Question 2: - 2,8, - 18,32, - 50,72, --, -
——What do you fill in in? (- stands for minus sign)

This question is still difficult, but after careful study, I finally found that the answer to the first question is 49, - 64. The second question is - 98128

The law of "1, - 4,9, - 16,25, - 36" and "- 2,8, - 18,32, - 50,72"
Come on, it's going to be today

The rule of 1, - 4,9, - 16,25, - 36 is: an = - 1) ^ (n-1) * n ^ 2 (n = 1,2,3.), that is, when the number of items is odd, the term is the square of the number of items; when the number of items is even, the term is the opposite number of the square of the number of items - 2,8, - 18,32, - 50,72 is: an = - 1) ^ n * 2 * n ^ 2 (n = 1,2,3.)

I want to ask 1.2.3. - 2. - 4. - 6.3.6.9. - 4. - 8. - 12.9.18.27. What is the number 200

I used C language to calculate the value range of super long integer, so I didn't continue. The landlord can calculate it by himself. The result of the calculation will have more than ten digits, so I only make a simple analysis.
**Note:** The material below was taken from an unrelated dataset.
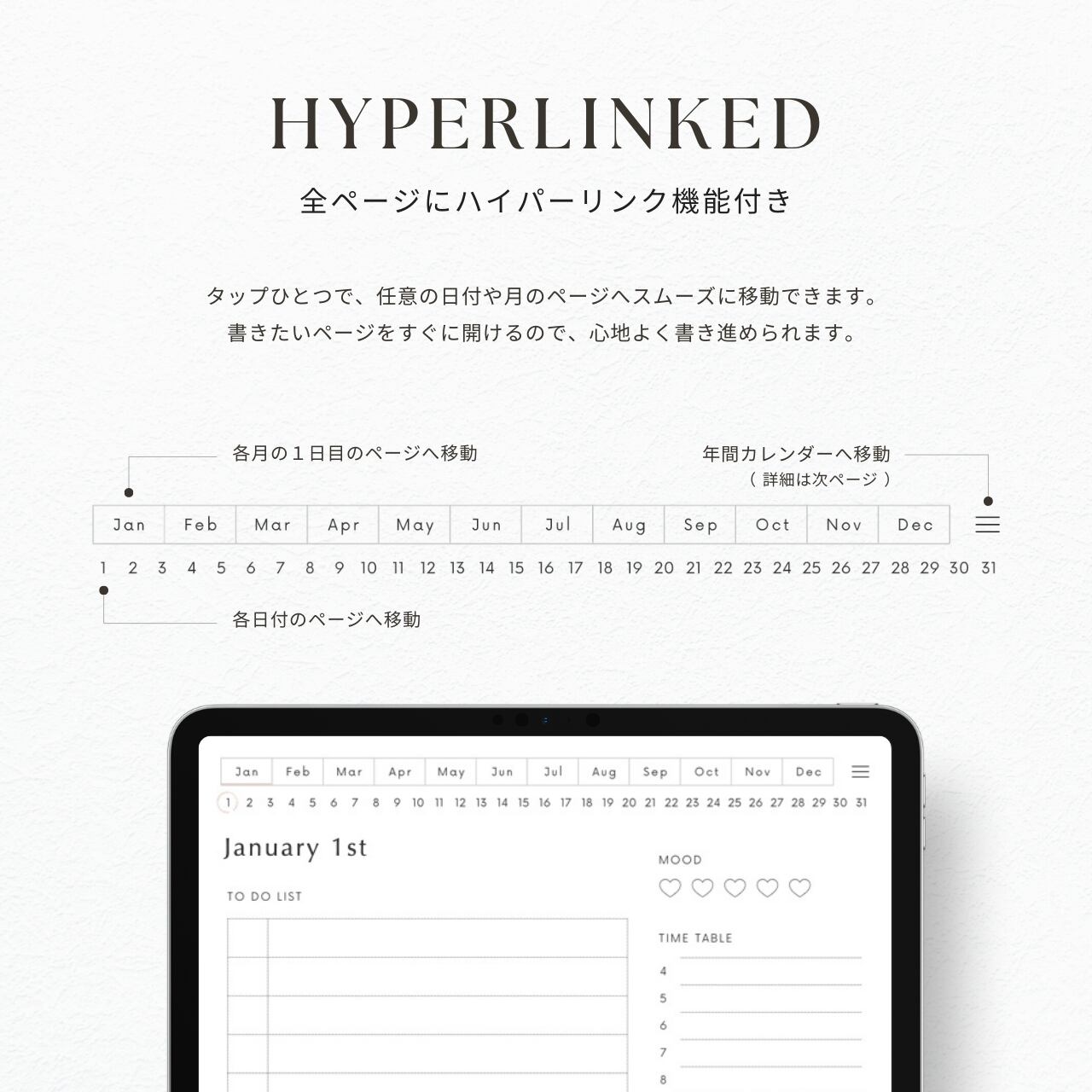 ・書きたい日付にすぐ移動できる、便利なハイパーリンク付きです。
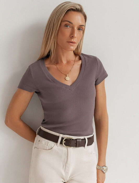 Стильная облегающая футболка кофейного цвета с V-образным вырезом сшита из плотного хлопкового трикотажа в рубчик с добавлением эластана, что гарантирует комфортную посадку по фигуре. V-вырез подчеркивает линию декольте, добавляя образу нотку элегантности. Практичная модель, которая не деформируется после стирок и сочетается с любым стилем одежды - от кэжуал до смарт-кэжуал.

You can take the six numbers from the front of the above data as a group, namely 1.2.3. - 2. - 4. - 6; 3.6.9. - 4. - 8. - 12 And

The following number is an array of four numbers: (1, 3, 5, 8) (2, 6, 10, 16) (3, 9, 15, 24)... What is the number of the 80th array

(80,240,400,640)
The first number is written according to the number, the 80th is 80, the second number is three times of the first number, the third number is twice of the first number plus the sum of the second number, and the fourth number is the sum of the second number plus the third number

There are arrays {1, 2, 3, 4}, {2, 4, 6, 8}, {3, 6, 9, 12} Then the sum of the four numbers in the 100th array is______ ．

Method 1: in this array, the sum of the numbers in each group is 10, 20, 30, 40. Therefore, the sum of the four numbers in the 100th number is 100 × 10 = 1000. Method 2: through observation, we can find that the relationship between the four numbers in brackets of each group is: the first number represents the group number, the second number is twice the first number, and the third number

3,9,6,8 an array 6,8 an array 6,3 an array 8 an array 3 an array find the rule and write an array

4,12,8,11 an array 8,11 an array 8,4 an array 11 an array 4 an array

There is an array of three numbers (1,1,1), (2,4,8), (3,9,27) What's the eighth array?

(1,1,1) = the square of 1,1 and the cube of 1
(2,4,8) = the square of 2,2, the cube of 2
(3,9,27) = the square of 3,3 and the cube of 3
So the eighth array is the square of 8 and 8, and the cube of 8 is (8, 64, 512)

Fill in the answer on the line （2） Two fifths= 6 out of 8 = 5 out of 16 （4） 8 out of 32 = 8 out of 8_
（5） 11 out of 77= 1 / 2
（6） 9 out of 63=_ 3 / 3

（1） 3 out of 7 = 18 out of 42
（2） 2 out of 5 = 6 out of 15
（3） 5 out of 8 = 10 out of 16
（4） 8 out of 32 = 2 out of 8
（5） 11 out of 77 = 1 out of 7
（6） 9 out of 63 = 3 out of 21

Fill in 8 2 () 8 / 32 ()

8 2 (1 / 2) 8 1 / 32 (1 / 128)
The first number is four times of the last number

There is a series of numbers. They are arranged according to the rule of 1, 4, 9, 16, 25 and 36. How much is the difference between the number 2000 and the number 2001?